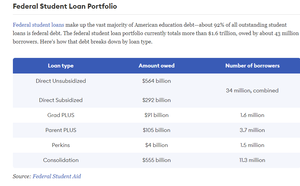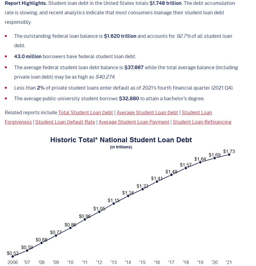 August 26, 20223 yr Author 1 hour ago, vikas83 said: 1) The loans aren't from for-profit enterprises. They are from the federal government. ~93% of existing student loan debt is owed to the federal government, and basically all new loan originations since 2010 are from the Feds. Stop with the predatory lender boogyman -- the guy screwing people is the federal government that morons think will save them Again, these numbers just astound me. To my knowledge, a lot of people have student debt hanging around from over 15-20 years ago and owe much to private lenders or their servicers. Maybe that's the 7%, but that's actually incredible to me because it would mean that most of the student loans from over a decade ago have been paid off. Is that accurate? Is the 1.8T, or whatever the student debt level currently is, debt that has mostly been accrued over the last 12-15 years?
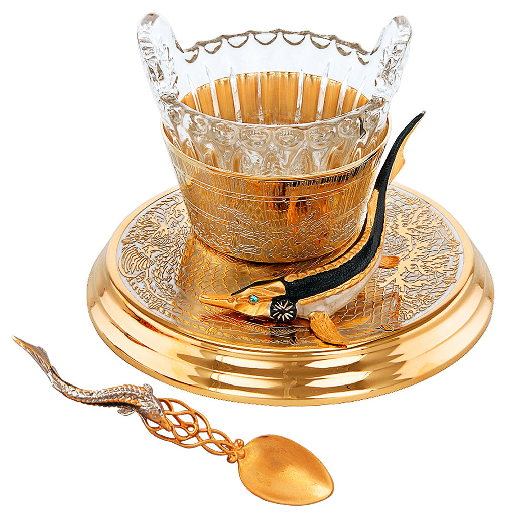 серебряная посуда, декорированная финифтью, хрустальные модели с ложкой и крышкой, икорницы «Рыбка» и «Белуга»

********

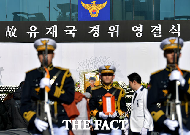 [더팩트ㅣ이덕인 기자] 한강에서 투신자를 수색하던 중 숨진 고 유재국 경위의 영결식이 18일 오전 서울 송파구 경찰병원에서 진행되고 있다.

********

> [TASK OBJECTIVE] Starting at the line above that holds "August 26, 20223", repeat every line exactly down to and including the line that holds "серебряная посуда, декорированная", then stop. Do not carry over any pictures.

> [WRITTEN REPLY]
 August 26, 20223 yr Author 1 hour ago, vikas83 said: 1) The loans aren't from for-profit enterprises. They are from the federal government. ~93% of existing student loan debt is owed to the federal government, and basically all new loan originations since 2010 are from the Feds. Stop with the predatory lender boogyman -- the guy screwing people is the federal government that morons think will save them Again, these numbers just astound me. To my knowledge, a lot of people have student debt hanging around from over 15-20 years ago and owe much to private lenders or their servicers. Maybe that's the 7%, but that's actually incredible to me because it would mean that most of the student loans from over a decade ago have been paid off. Is that accurate? Is the 1.8T, or whatever the student debt level currently is, debt that has mostly been accrued over the last 12-15 years?
 серебряная посуда, декорированная финифтью, хрустальные модели с ложкой и крышкой, икорницы «Рыбка» и «Белуга»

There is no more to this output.